Volume 15 - 2025 | doi: 10.3389/fonc.2025.1663293

Development and Validation of an Interpretable Machine Learning Model for Acute Radiation Dermatitis in Breast Cancer

Provisionally accepted
Xuejuan  DuanXuejuan Duan1Yadong  LiuYadong Liu2Yuguang  ShangYuguang Shang1Xiaomeng  LuXiaomeng Lu1Yanhong  ZhouYanhong Zhou1Liguo  LiuLiguo Liu3Zhikun  LiuZhikun Liu1*
  • 1The Fourth Affiliated Hospital of Hebei Medical University, Shijiazhuang, China
  • 2Department of Oncology, Hebei General Hospital, Shijiazhuang, China
  • 3China-Japan Friendship Hospital, Beijing, China

The final, formatted version of the article will be published soon.

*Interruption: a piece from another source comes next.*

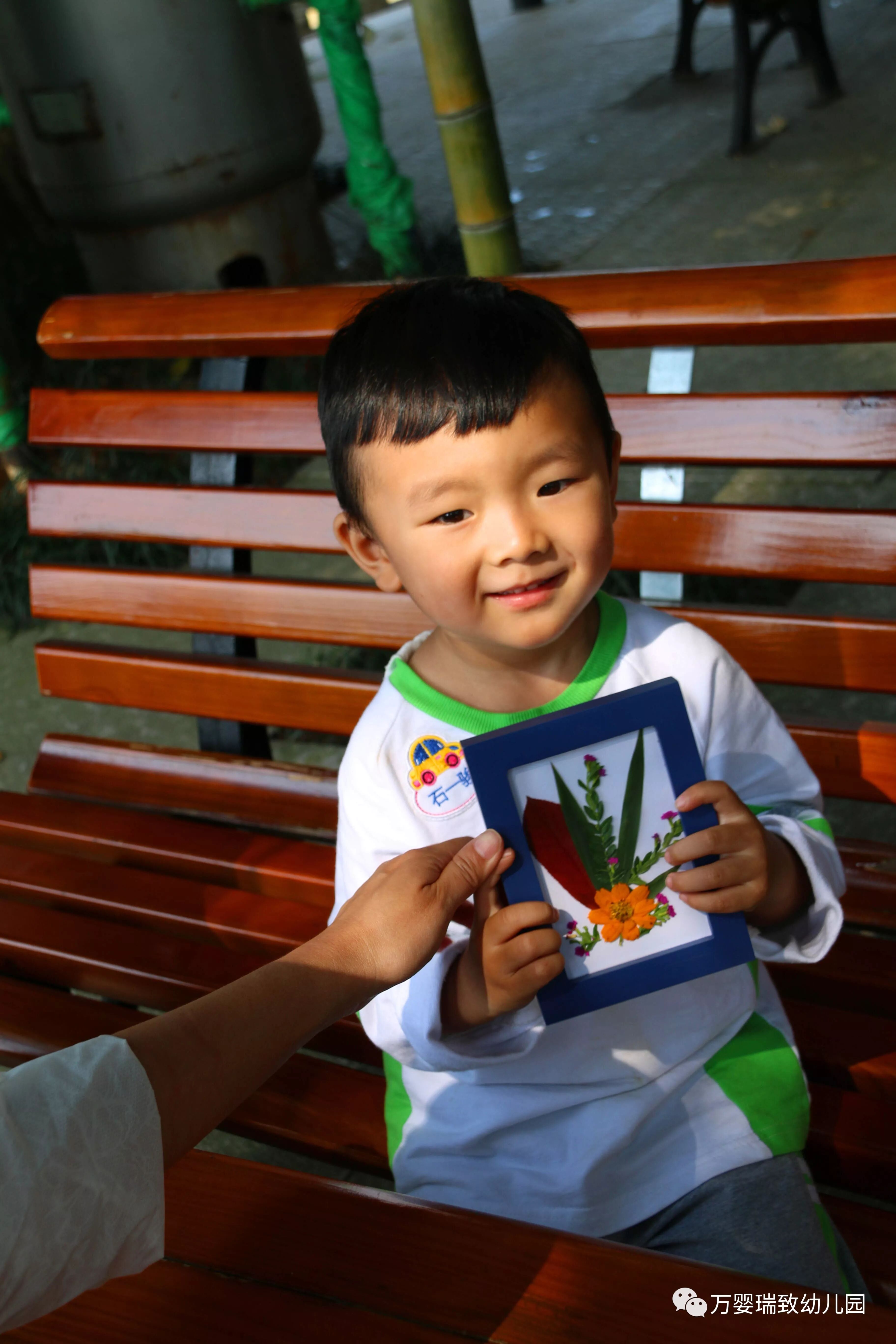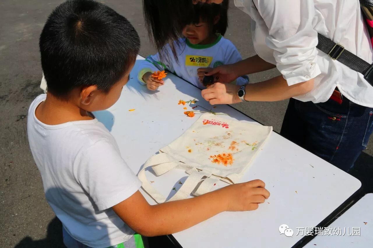 进行了自然课程,听完老师的讲解后,孩子们便去大树下找了不同的5种树叶或花,然后在到老师处领取了作画材料,便开始进行创作。大家把大自然中最美好的颜色留在了精美的手工袋上,相框里,所有美丽的图案都是大家独特的创意。

Background and Purpose: Radiation dermatitis (RD), a common adverse reaction in breast cancer radiotherapy, impairs quality of life and increases healthcare burdens. Developing an effective risk prediction model is crucial for early high-risk patient identification and preventive interventions. Materials and Methods: This study enrolled 691 breast cancer patients undergoing postoperative radiotherapy at our center from February 1 to December 19, 2024. RD severity and correlates were monitored during and 2 weeks after radiotherapy. The dataset was divided into training (n=552) and test (n=139) cohorts. Fourteen machine learning algorithms were evaluated via 10-fold cross-validation, with model selection based on Area Under the Curve (AUC) and other metrics. Model reliability was verified using an internal hold-out test set, and SHAP analysis ensured interpretability. Results: Among 691 patients,52.68% (n=364) developed grade ≥2 acute RD. The random forest model performed best, achieving an AUC of 0.84 (95% CI: 0.807–0.873) in training and 0.748 (0.665–0.831) in testing, with training/testing sensitivity/specificity of 0.811/0.747 and 0.877/0.576, respectively. Calibration curves confirmed prediction-observation consistency. Decision curve analysis indicated 0.2–0.4 higher net benefits than "treat-all" or "treat-none" strategies at 25%–75% treatment thresholds. Shapley Additive exPlanations (SHAP) analysis identified Clinical Target Volume-Supraclavicular (CTVsc), Clinical Target Volume-Internal Mammary (CTVim), TNM stage II, and diabetic status as key predictors. Conclusion: This explainable machine learning model demonstrates robust discriminative power and clinical utility. Interpretability analysis revealed feature nonlinearities, providing a theoretical basis for personalized radiotherapy planning to reduce severe RD risk.

Keywords: Radiation dermatitis, predictive model, breast cancer, Shap, Radiotherapy

Received: 10 Jul 2025; Accepted: 07 Oct 2025.

Copyright: © 2025 Duan, Liu, Shang, Lu, Zhou, Liu and Liu. This is an open-access article distributed under the terms of the Creative Commons Attribution License (CC BY). The use, distribution or reproduction in other forums is permitted, provided the original author(s) or licensor are credited and that the original publication in this journal is cited, in accordance with accepted academic practice. No use, distribution or reproduction is permitted which does not comply with these terms.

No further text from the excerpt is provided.